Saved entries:
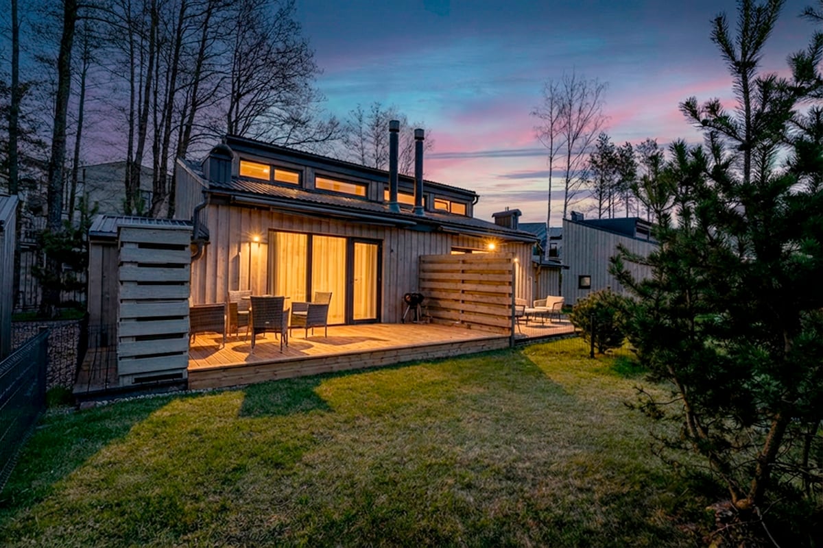 Namelis išplanuotas per 2 aukštus su mansarda, kuriame gali apsistoti iki 8 asmenų. Tai visiškai naujai, prabangiai įrengti atostogų namai. Šiuose namuose jausitės kaip namuose, rasite viską tobuloms atostogoms (indaplovę, orkaitę, skrudintuvą, šaldytuvą su šaldymo kamera, plaukų džiovintuvą, lygintuvą, lyginimo lentą, bevielį dulkių siurblį, 4 TV, oro kondicionierių, skalbimo mašiną su džiovykle ir visus buičiai reikalingus reikmenis). Visame name veikia bevielis internetas.
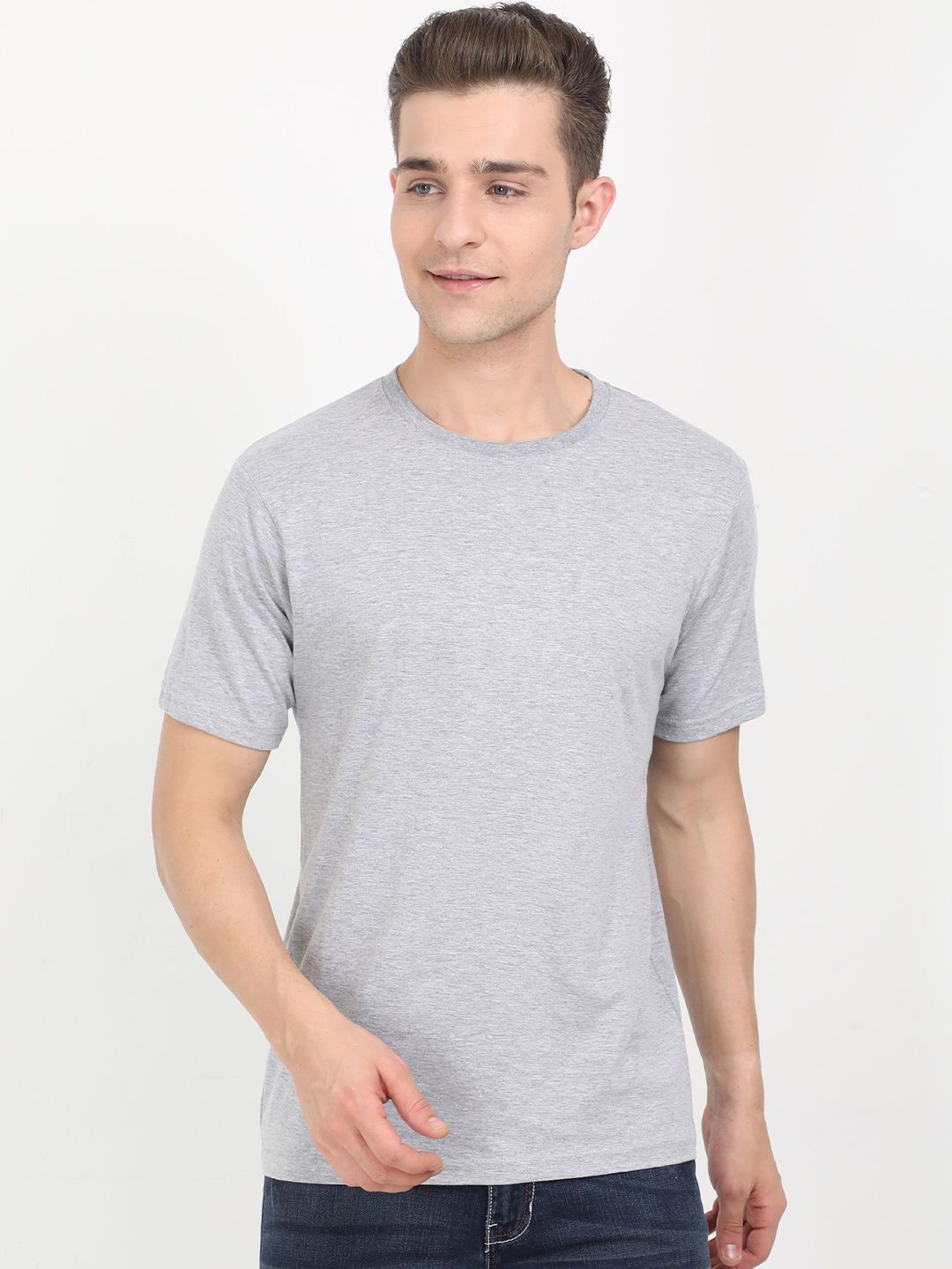 Men Grey Solid Round Neck Regular Fit T-shirt
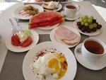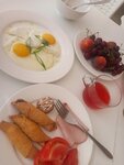 Номер с балконом и видом на море превзошел ожидания: можно в целом никуда не ходить, панорама открывается великолепная. На балконе классные стулья, которые раскладываются до лежачего положения. У бассейна достаточно лежаков, зонтов и столиков даже в пиковое время, плавать можно круглосуточно, ночью бассейн подсвечивается. На ресепшн можно брать полотенца для бассейна. Завтраки очень хорошие: каждый день готовят яйца (банальные омлет и глазунью очень красиво сервируют и подают), на шведском столе есть хороший творог, сметана, хлеб двух видов, сыр, колбасы, свежие овощи, очень хорошие свежие фрукты (были 2 ночи, на обоих завтраках сочные персики, сладкие абрикосы, крупная черешня, хороший виноград). Есть кофе молотый заваренный (бесплатно), а также в течение дня можно купить кофе из кофемашины (американо 100, латте 150) - также все будет красиво сервировано. На завтраках также есть сладкое, мюсли, молоко, йогурты, чай. Завтрак с отличным видом на бассейн и перспективой на море. Также можно пообедать/поужинать за 650 руб/чел. Чуть ниже бассейна видовая площадка с диванами, креслами, шезлонгами и гамаками. Вайфай работает очень хорошо даже у бассейна и в зоне курения. Отель расположен в тупике, поэтому никакого движения нет, очень тихо, несмотря на высокий сезон! Парковка своя, бесплатная. Также есть отдельно стоящее здание с общей кухней - там два холодильника, очень удобно хранить фрукты (хотя в целом там и готовить обустройство позволяет). До центра города неспешным шагом 7-10 минут, но туда имеет смысл сходить только немного погулять по старым улочкам - на территории находиться более чем комфортно. Отдельное спасибо владельцам Светлане и Сергею, а также их другу Евгению, которые ежедневно контролируют работу отеля, что, видимо, и обеспечивает высокое качество услуг. Персонал очень любезный, на любую просьбу реагируют оперативно, помогут с любым вопросом. Мы заселялись в полночь, когда все заведения были закрыты - нам даже приготовили небольшой ужин, после 8 часов в пути это было просто великолепно. Отель оставил максимально приятные впечатления, от отдыха в Крыму в сезон не ждешь такой уединенности и такого сервиса.
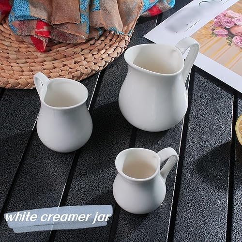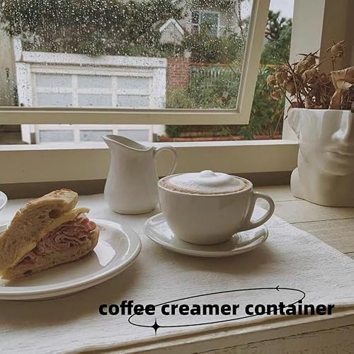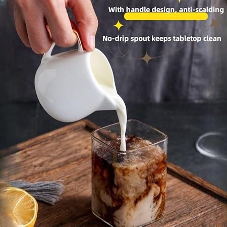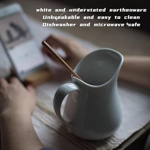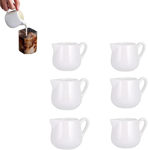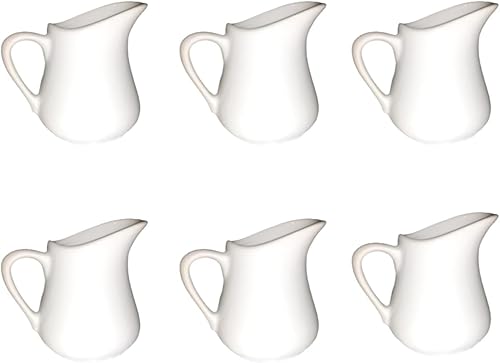 Lot de 6 petits pots à lait en céramique blanche de 80 ml avec poignée et bec verseur - Convient pour le lait, la crème et le service des sauces avec repas (6, 76,5 g)
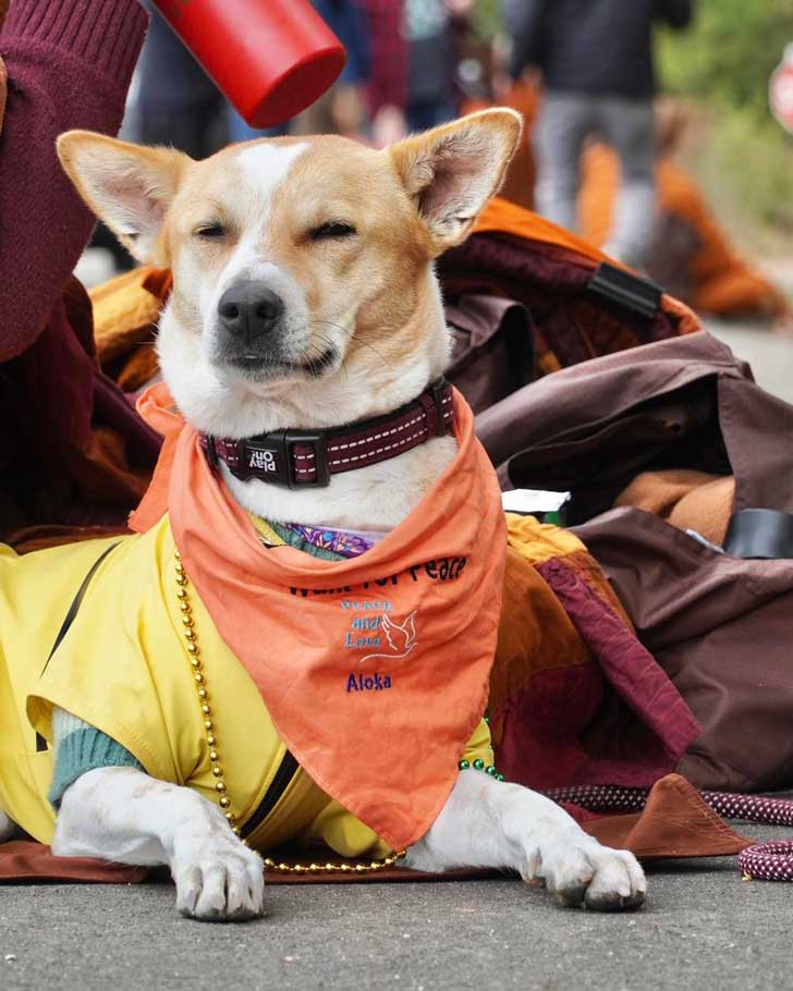 Picture the dusty veins of India, where Bhikkhu Pannakara first locked eyes with a ragged pariah during a 112-day peace march. Aloka didn’t beg or bark; he simply followed, his gaunt frame fuelled by an invisible fire. Roads blurred into marathons, monsoons lashed like whips, yet he pressed on through fevered nights and a savage car collision that should have shattered him. “He still stood up and walked,” Pannakara recounts, voice thick with awe, as Aloka leaped from a truck meant to spare him, reclaiming his place at the vanguard. Named for the Sanskrit blaze of “light” or “enlightenment,” this once-forgotten soul became family, jetting to America as an honorary U.S. citizen, bandana bold, purpose pulsing.
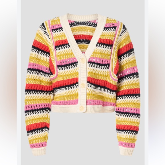Cute striped boxy crop cardigan. Heavyweight but breathable. Worn a few times, in good used condition, no flaws noted

> THE PROBLEM: Give an exact copy of the entries, excluding all pictures.

> TASK ANSWER:
 Namelis išplanuotas per 2 aukštus su mansarda, kuriame gali apsistoti iki 8 asmenų. Tai visiškai naujai, prabangiai įrengti atostogų namai. Šiuose namuose jausitės kaip namuose, rasite viską tobuloms atostogoms (indaplovę, orkaitę, skrudintuvą, šaldytuvą su šaldymo kamera, plaukų džiovintuvą, lygintuvą, lyginimo lentą, bevielį dulkių siurblį, 4 TV, oro kondicionierių, skalbimo mašiną su džiovykle ir visus buičiai reikalingus reikmenis). Visame name veikia bevielis internetas.
 Men Grey Solid Round Neck Regular Fit T-shirt
 Номер с балконом и видом на море превзошел ожидания: можно в целом никуда не ходить, панорама открывается великолепная. На балконе классные стулья, которые раскладываются до лежачего положения. У бассейна достаточно лежаков, зонтов и столиков даже в пиковое время, плавать можно круглосуточно, ночью бассейн подсвечивается. На ресепшн можно брать полотенца для бассейна. Завтраки очень хорошие: каждый день готовят яйца (банальные омлет и глазунью очень красиво сервируют и подают), на шведском столе есть хороший творог, сметана, хлеб двух видов, сыр, колбасы, свежие овощи, очень хорошие свежие фрукты (были 2 ночи, на обоих завтраках сочные персики, сладкие абрикосы, крупная черешня, хороший виноград). Есть кофе молотый заваренный (бесплатно), а также в течение дня можно купить кофе из кофемашины (американо 100, латте 150) - также все будет красиво сервировано. На завтраках также есть сладкое, мюсли, молоко, йогурты, чай. Завтрак с отличным видом на бассейн и перспективой на море. Также можно пообедать/поужинать за 650 руб/чел. Чуть ниже бассейна видовая площадка с диванами, креслами, шезлонгами и гамаками. Вайфай работает очень хорошо даже у бассейна и в зоне курения. Отель расположен в тупике, поэтому никакого движения нет, очень тихо, несмотря на высокий сезон! Парковка своя, бесплатная. Также есть отдельно стоящее здание с общей кухней - там два холодильника, очень удобно хранить фрукты (хотя в целом там и готовить обустройство позволяет). До центра города неспешным шагом 7-10 минут, но туда имеет смысл сходить только немного погулять по старым улочкам - на территории находиться более чем комфортно. Отдельное спасибо владельцам Светлане и Сергею, а также их другу Евгению, которые ежедневно контролируют работу отеля, что, видимо, и обеспечивает высокое качество услуг. Персонал очень любезный, на любую просьбу реагируют оперативно, помогут с любым вопросом. Мы заселялись в полночь, когда все заведения были закрыты - нам даже приготовили небольшой ужин, после 8 часов в пути это было просто великолепно. Отель оставил максимально приятные впечатления, от отдыха в Крыму в сезон не ждешь такой уединенности и такого сервиса.
 Lot de 6 petits pots à lait en céramique blanche de 80 ml avec poignée et bec verseur - Convient pour le lait, la crème et le service des sauces avec repas (6, 76,5 g)
 Picture the dusty veins of India, where Bhikkhu Pannakara first locked eyes with a ragged pariah during a 112-day peace march. Aloka didn’t beg or bark; he simply followed, his gaunt frame fuelled by an invisible fire. Roads blurred into marathons, monsoons lashed like whips, yet he pressed on through fevered nights and a savage car collision that should have shattered him. “He still stood up and walked,” Pannakara recounts, voice thick with awe, as Aloka leaped from a truck meant to spare him, reclaiming his place at the vanguard. Named for the Sanskrit blaze of “light” or “enlightenment,” this once-forgotten soul became family, jetting to America as an honorary U.S. citizen, bandana bold, purpose pulsing.
Cute striped boxy crop cardigan. Heavyweight but breathable. Worn a few times, in good used condition, no flaws noted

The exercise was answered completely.